Journal of Cerebral Blood Flow & Metabolism (2011) 31, 1908-1918; doi:10.1038/jcbfm.2011.60; published online 11 May 2011″
“Background: Palliative care should be provided, irrespective of setting to all patients facing a life-threatening Cilengitide in vivo illness and to their families. The situation and needs of order people differ from those of younger people since they often have several co-existing diseases and health complaints.
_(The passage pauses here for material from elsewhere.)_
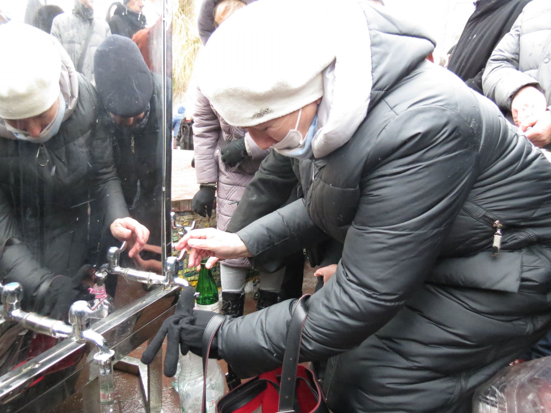 Охочих було настільки багато, що навіть утворилася черга, а людям, які вже набрали воду, було складно вийти.
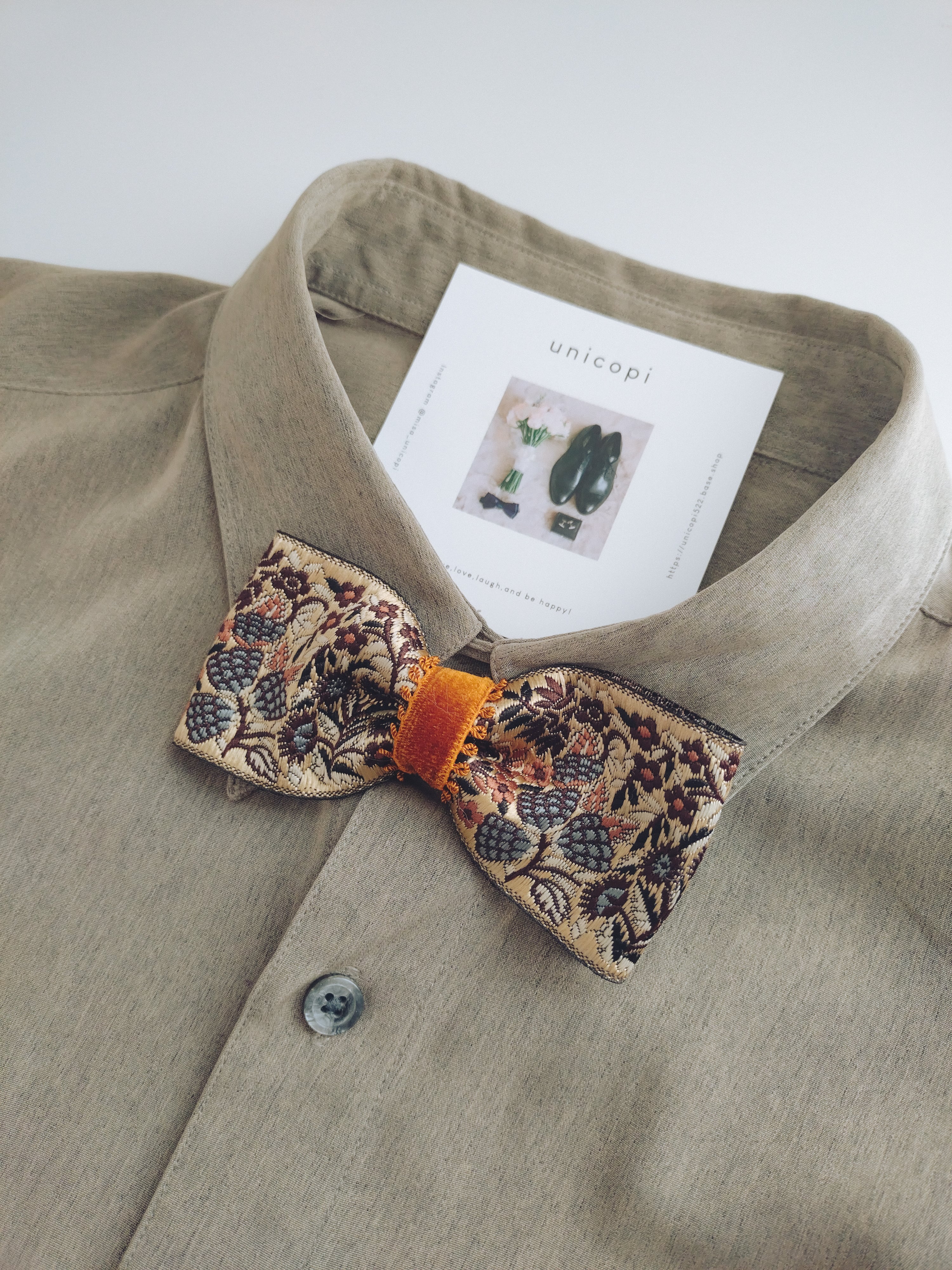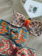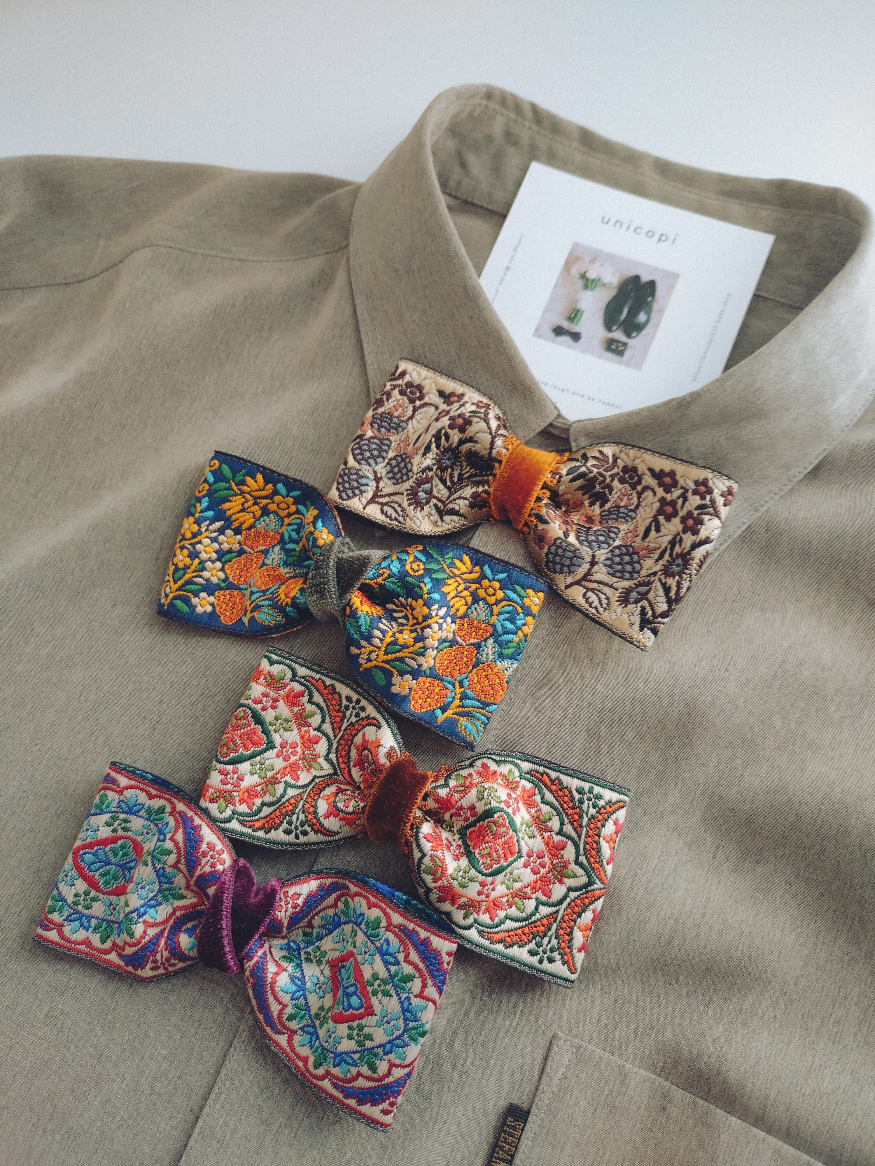 個性的な刺繍を蝶ネクタイにしているため柄の出方が一点一点異なり、唯一無二のtieとなります

This implies an extensive need for care and for longer periods of palliative care. The main providers of palliative care for older people are nurse assistants, who are also those with the shortest education.\n\nAim: The aim of this

study was to illuminate nurse assistants’ experience of palliative care for older people in residential care.\n\nDesign: The study had an explorative, descriptive design.\n\nSettings: Thirteen residential care units VX-770 research buy in three different districts in a large city in southern Sweden.\n\nParticipants: Twenty-five nurse assistants selected to represent variations in age, gender workplace and work experience.\n\nMethods: Data were collected from six focus-group interviews and subjected to content analysis to gain an understanding of the phenomenon.\n\nResults: The nurse assistants described palliative

care as a contrast to the everyday care they performed in that they had a legitimate possibility to provide the care needed and a clear assignment in relation to relatives. Palliative care also meant having to face death and dying while feeling simultaneous that it was unnatural to talk about death and having to deal with their own emotions. They emphasised that they were in need of support and experienced leadership as invisible and opaque, but gained strength from being recognized.\n\nConclusion: In order to support nurse assistants in providing high quality end-of-life care, more focus is needed on the trajectory of older peoples’ dying, on the importance of involving relatives throughout the period of care

provision, and on support when encountering death and dying. There is also a need for engaged care leaders, both registered nurses and managers, to recognize the work of nurse assistants and to support care provision for older people within the framework of palliative care philosophy. (C) 2011 Elsevier Ltd. All rights reserved.”
“Eukaryotic Selleckchem ALK inhibitor protein kinases (ePKs) evolved as a family of highly dynamic molecular switches that serve to orchestrate the activity of almost all cellular processes. Some of the functionally characterized ePKs from plants have been found to be components of signaling networks, such as those for the perception of biotic agents, light quality and quantity, plant hormones, and various adverse environmental conditions. To date, only a tiny fraction of plant ePKs have been functionally identified, and even fewer have been identified in maize [Zea mays (Zm)]. In this study, we have identified 1,241 PK-encoding genes in the maize genome.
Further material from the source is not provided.